Далеко не всем исследователям удавалось беспристрастно оценить «Сказку моей жизни». Пл. Краснов сравнивает автобиографию Андерсена с «Dichtung und Wahrheit» Гёте и приходит к выводу, что произведение немецкого поэта сильно усту пает «Сказке» как в стилистическом отношении, так и в том, какой предстает перед читателем фигура автора. Любопытно мнение критика, что «Андерсен, как личность, все время остается на втором плане»36 (в отличие от Гёте, «самодовольная фигура» которого «повсюду появляется на сцену» 7) . Краснов восхищается тем, что на первом плане в «Сказке» - «собственно история литературных успехов Андерсена с тех пор, как он впервые стал рассказывать сказки в Оденсе знакомым девочкам и до последних лет его жизни...» Автора не смущает то обстоятельство, что детские «пробы пера» Андерсена ни в коей мере не могут считаться «литературными успехами». Пл. Краснов идет дальше самого Андерсена в обвинениях и, причислив к обидчикам датского поэта таких его друзей и покровителей, как семейство Коллинов, называет их наряду с некоторыми другими людьми «ничтожествами, когда-то оказывавшими мелкие прозаические услуги Андерсену»

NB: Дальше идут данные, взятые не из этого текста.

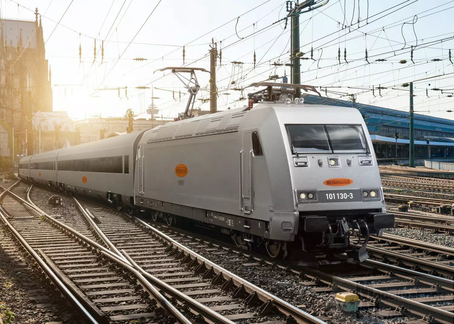 Vorbild: Zugpackung MET besteht aus Schnellzuglokomotive Baureihe 101, 1 Schnellzugwagen Apmz 116.0 Ordnungsnummer 1, 1 Schnellzugwagen Apmz 116.2 Ordnungsnummer 2, 1 Schnellzugwagen Apmkz 116.6 Ordnungsnummer 3, 1 Schnellzugwagen Apmz 116.4 Ordnungsnummer 4, 1 Schnellzugwagen Apmz 116.4 Ordnungsnummer 5, 1 Schnellzugwagen Apmkz 116.6 Ordnungsnummer 6 und 1 Schnellzug-Steuerwagen Apmbzf 116.8 Ordnungsnummer 7. Lokomotive und Schnellzugwagen in silbergrauer Grundfarbgebung mit Metropolitan-Logos. Einsatzstrecke Hamburg - Köln, mit Zwischenhalte in Essen und Düsseldorf. Deutsche Bahn AG (DB AG), Geschäftsbereich Metropolitan Express Train GmbH / DB Reise und Touristik. Lok-Betriebsnummer 101 130-3. Betriebszustand zwischen August 1999 und September 2001.

Объективность Бекетовой проявляется, в частности, в ее суждении о превосходстве первой части автобиографии, которая «относится к детству Андерсена, к неудачам и превратностям его судьбы», по сравнению со второй, написанной, по мнению автора, «бледнее», «формально, поверхностно и едва ли вполне искренно»40. Особенно интересно точное замечание Бекетовой о том, что во второй части автобиографии приходится видеть «одну и ту же характеристику совершенно разных лиц. Все они одинаково интересны, любезны, умны, талантливы и вообще - прекрасные люди». Речь идет о бесконечных перечислениях знакомых коронованных особ, художников и других известных людей (в то время как у Пл. Краснова андерсеновские рассказы о признании его таланта «коронованными особами Европы» вызывают искренний интерес). Однако даже о первой части «Сказки моей жизни» современным исследователем сказано буквально следующее: «Первая часть - то есть время до 1828 года - самая лучшая, но, к сожалению, на нее можно полагаться не больше, чем на бабьи сплетни». Чрезмерная чувствительность Андерсена к критике также отразилась на его автобиографии и, как следствие, и на биографическом очерке, посвященном его жизни. При чтении его создается впечатление, что критика всегда была несправедливой и безжалостной. Но, хотя непризнание в Дании действительно имело место долгие годы, критика далеко не всегда бывала несправедливой. Например, вполне закономерен был тяжело переживаемый Андерсеном провал драмы «Агнета» как вещи посредственной; к сказкам же и сам автор поначалу не относился серьезно44, что не отражено в очерке М. Бекетовой. Имеют место и неточности перевода. На совет книгопродавца Иверсена заняться каким-нибудь ремеслом Андерсен у Бекетовой отвечает: «Это было бы большим грехом!»45, что вызывает некоторое недоумение, как несуразность или свидетельство непомерной гордыни; действительный же смысл андерсеновской фразы: «Нет, это было бы обидно!»46.

Литературная критика

Для литературной критики в собственном смысле слова интерес представляли художественные особенности произведений Андерсена, а также, в числе прочего, степень обусловленности написанного событиями жизни автора. Критики давали в целом достаточно объективную оценку творчества писателя, выделяя сказки как лучшую часть написанного, шедевр, также отмечая часть малой прозы и характеризуя как менее интересные - романы, стихи и как в целом неудачные - пьесы.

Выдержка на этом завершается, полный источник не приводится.